Would you reproduce the data below exactly, please, leaving out its images?

Material provided:
"""
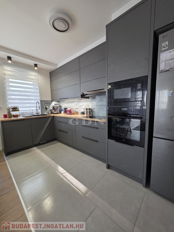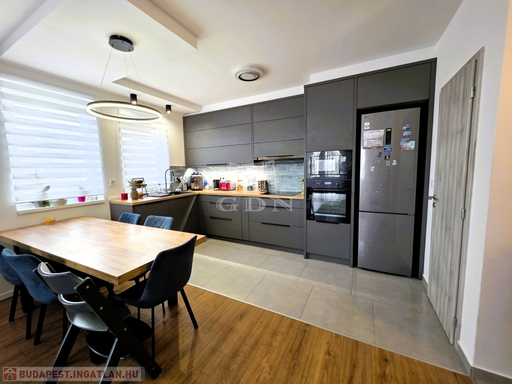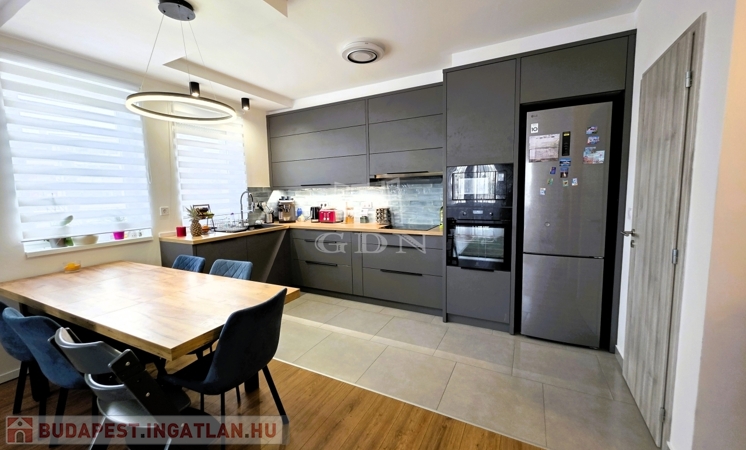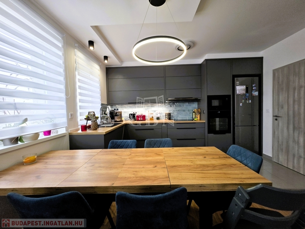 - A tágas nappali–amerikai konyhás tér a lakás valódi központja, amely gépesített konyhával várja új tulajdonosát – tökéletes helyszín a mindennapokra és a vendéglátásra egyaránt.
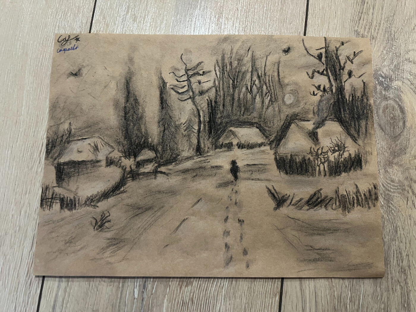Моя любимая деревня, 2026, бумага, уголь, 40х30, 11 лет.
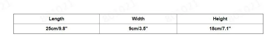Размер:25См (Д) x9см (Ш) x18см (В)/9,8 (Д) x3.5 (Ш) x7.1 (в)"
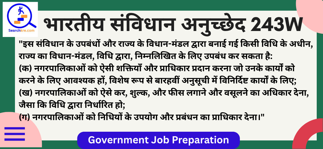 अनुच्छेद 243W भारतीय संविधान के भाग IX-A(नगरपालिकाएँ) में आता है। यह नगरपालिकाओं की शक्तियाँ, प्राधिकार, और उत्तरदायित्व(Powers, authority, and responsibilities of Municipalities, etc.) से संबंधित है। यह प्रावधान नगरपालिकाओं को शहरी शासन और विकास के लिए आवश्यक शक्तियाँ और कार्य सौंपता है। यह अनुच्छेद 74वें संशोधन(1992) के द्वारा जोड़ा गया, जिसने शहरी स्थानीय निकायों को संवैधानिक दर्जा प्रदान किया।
"""
Response area:
 - A tágas nappali–amerikai konyhás tér a lakás valódi központja, amely gépesített konyhával várja új tulajdonosát – tökéletes helyszín a mindennapokra és a vendéglátásra egyaránt.
Моя любимая деревня, 2026, бумага, уголь, 40х30, 11 лет.
Размер:25См (Д) x9см (Ш) x18см (В)/9,8 (Д) x3.5 (Ш) x7.1 (в)"
 अनुच्छेद 243W भारतीय संविधान के भाग IX-A(नगरपालिकाएँ) में आता है। यह नगरपालिकाओं की शक्तियाँ, प्राधिकार, और उत्तरदायित्व(Powers, authority, and responsibilities of Municipalities, etc.) से संबंधित है। यह प्रावधान नगरपालिकाओं को शहरी शासन और विकास के लिए आवश्यक शक्तियाँ और कार्य सौंपता है। यह अनुच्छेद 74वें संशोधन(1992) के द्वारा जोड़ा गया, जिसने शहरी स्थानीय निकायों को संवैधानिक दर्जा प्रदान किया।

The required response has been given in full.